Deville worked at Exide’s hazardous waste treatment and storage plant in Vernon for 29 years. At that location, Exide recycled automotive batteries, which recovered the lead used in the batteries. Deville was a forklift driver and furnace operator.
On April 24, 2013, the Department of Toxic Substance Control (DTSC) ordered Exide to suspend operations in Vernon because plant operations were causing discharge of illegal amounts of lead into the air, water, and soil.
Before operations at Exide’s Vernon facility were halted, Deville experienced what he calls two “profound” health-related incidents at work. On one occasion, Deville lost consciousness while cleaning one of the facility’s furnaces. On the second occasion, which also arose in connection with cleaning one of the furnaces, Deville felt dizzy, left the furnace, and went to a restroom where he produced a urine stream that he says was black in color.
In June 2016, more than three years after these two alleged incidents and suspension of operations at Exide’s Vernon plant, Deville sued Exide and certain Individual Defendants, alleging unspecified injuries caused by exposure to lead and other hazardous chemicals while working at the Vernon facility.
Deville alleged he was injured by defendants’ collective failure to properly use and store hazardous and toxic substances at the Vernon plant, to disclose fully and accurately the risks presented to human health presented by the chemicals used at the plant, to remediate or clean up contaminants, and to provide proper safety equipment and training.
The Individual Defendants argued, among other things, that all of Deville’s claims were precluded by workers’ compensation exclusivity principles.
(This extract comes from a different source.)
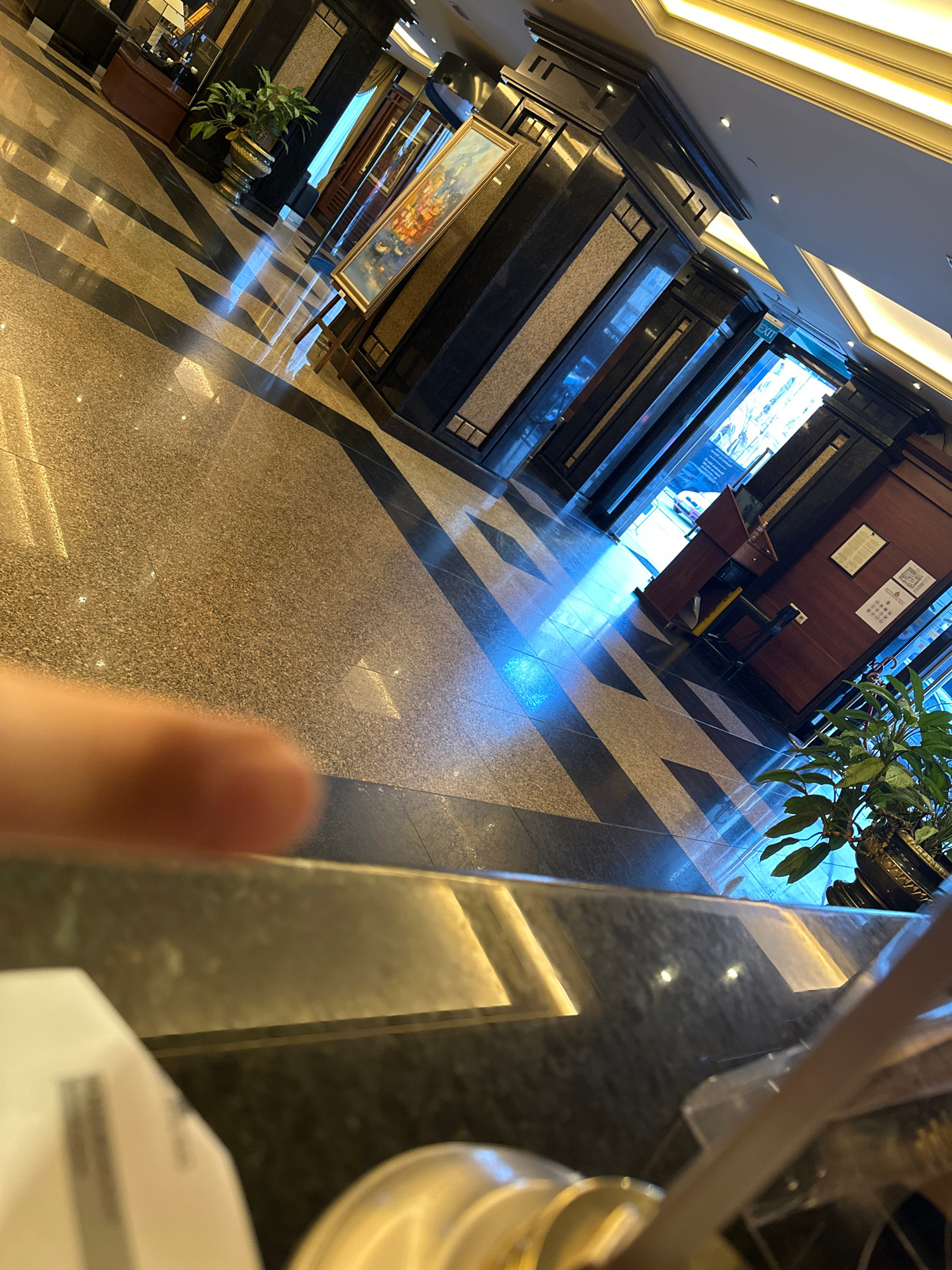 The image captures an indoor view of what appears to be a hotel lobby. The foreground is dominated by a blurred human finger. The lobby features a reception desk with a plant on top, elevators, marbleβ¦read more

The trial court sustained the Individual Defendants’ demurrer without leave to amend.
Exide separately demurred to the operative complaint, making the same workers’ compensation exclusivity argument (among others) on which the Individual Defendants had prevailed. The trial court sustained Exide’s demurrer without leave to amend and dismissed the case.
The dismissals were affirmed in the unpublished case of Deville v. Bloch.
The Individual Defendants’ demurrer was properly sustained without leave to amend because the operative complaint alleges the Individual Defendants were acting within the scope of their employment and did not allege any facts that would satisfy the two exceptions to workers’ compensation exclusivity rules when individual defendants (as opposed to an employer) are sued.
Similarly, Exide’s demurrer to the bulk of Deville’s claims was properly sustained because the operative complaint does not adequately allege facts establishing any of the elements of the fraudulent concealment of injury exception to workers’ compensation exclusivity on which Deville relies to maintain his action.